Как в годы брежневского «застоя» и политического лицедейства, так и в годы нашего «застолья» и поклонения золотому тельцу - не в особой чести «русская тема» и истинные патриоты Державной России, одним из самых, может быть, видных представителей которых был Михаил Петрович Лобанов (1925­2016 гг.).

Писатель, критик, фронтовик, профессор Литературного института им. А.М. Горького, о ком
без преувеличения можно сказать некрасовскими словами:

О, Русская земля! Когда б таких людей

ты не рождала миру, заглохла б нива жизни!

 

В его критических статьях за литературной фактурой всегда поднималась проблематика великой русской культуры, подлинности бытия русского народа. В своем отношении к народу Михаил Лобанов был подобен апостолу Павлу, говорившему: Великая для меня печаль и непрестанное мучение сердцу моему: я желал бы сам быть отлучен от Христа за братьев моих, родных мне по плоти (Рим. 9, 2­3).
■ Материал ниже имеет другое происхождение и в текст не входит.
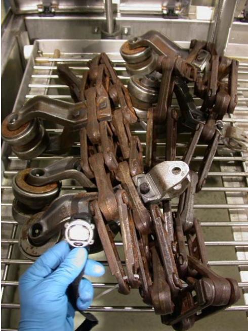
Rusted monorail chain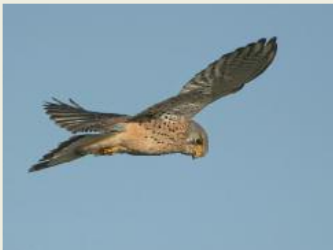
kestrel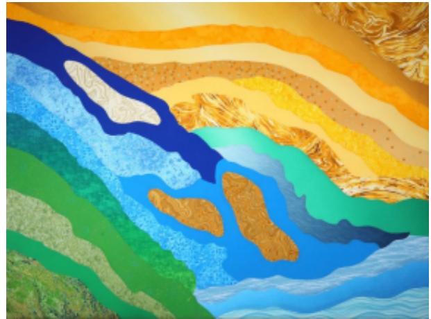
The Quiet Lilt of Tidal Threads , by Selene Paschoal, fabric, 40" x 30"

Selene's artistic approach is mostly intuitive with a constant awareness of color combination and contrast. According to Selene, inspiration for her pieces comes mostly from nature and from her Brazilian heritage and culture. The colors she chooses are usually bold and rich capturing the natural beauty of the country as well as the enthusiasm for life Brazilians are known for.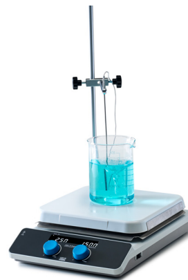
AREC 10 Digital System with Probe, Rod and Clamp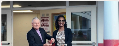
Honourable Zane De Silva, JP MP, Deputy Premier and Minister of Housing & Municipalities Honourable Crystal, JP, Minister of Education

Bermuda Institute proudly hosted this year's Science Fair under the theme "Inventions Through the Years: 19th and 20th Century Showcase." This engaging, school-wide event highlighted the creativity, curiosity, and innovation of our students as they explored groundbreaking inventions that have shaped the modern world.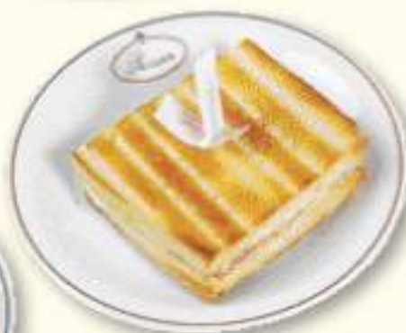
TOAST * Ham and Fontina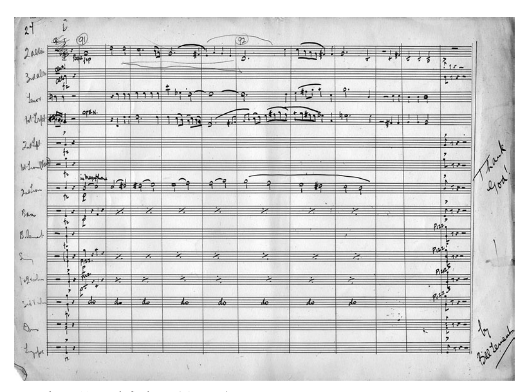
Example 4c Ternent's final page (Figs 91–2).

MASSENET: My dear Saint-Saëns, is it yours, this delightful music here? BIZET: Gentlemen, they profane the temple . . . It's sacrilege!<sup>66</sup>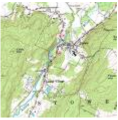
Scouts & Family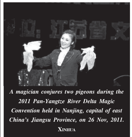
A magician conjures two pigeons during the 2011 Pan-Yangtze River Delta Magic Convention held in Nanjing, capital of east China's Jiangsu Province, on 26 Nov, 2011.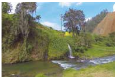
Value of Life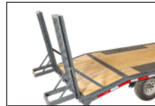
Stand Up Ladder ramps

Очень точно сказал о Михаиле Лобанове писатель Владимир Личутин: «Он не критик, а философ. Мощная фигура в русской культурной жизни...»

Его статьи каждый раз вызывали бурную реакцию в среде интеллигенции: воодушевление и оптимизм у патриотической ее части и - неприязненный ропот, гримасу и раздражение у «подавляющей истину неправдой» либеральной... А нашумевшая статья «Освобождение» (1983 г.), где Михаил Лобанов впервые сказал о фактическом геноциде русских в 1920­30 гг. - по убеждению критика и литературоведа Вадима Кожинова, «стала одним из самых важных духовных событий за двадцатилетие "застоя"».

«Читая семь лет спустя Михаила Лобанова, - писал критик, - я испытывал, помимо всего прочего, чувство великой радости от того, что честь отечественной культуры спасена, что открыто звучит ее полный смысла и бескомпромиссный голос - хотя, казалось бы, в тогдашних условиях это было невозможно».

В этой статье Михаил Лобанов писал о народной трагедии, о которой до той поры царило полное молчание. Это вызвало недовольство самого генсека. По указу Андропова, началась травля русского критика, посмевшего сказать правду о деяниях иноплеменников­большевиков в те страшные для России годы. Решения по Лобанову принимались на заседаниях союзного и республиканского союзов писателей. Особый надзор по наказанию виновного велся специальным отделом по культуре ЦК КПСС...

Однако Лобанов стоял, держа удар за ударом. Помню, как в те ненастные для него дни мы возвращались поздним вечером после одного из семинаров и, уже спустившись в метро на станции «Кропоткинская», он с легким волнением, словно давая отцовский наказ, сказал мне: «Сережа, и ценой жизни не откажусь ни от одного слова...»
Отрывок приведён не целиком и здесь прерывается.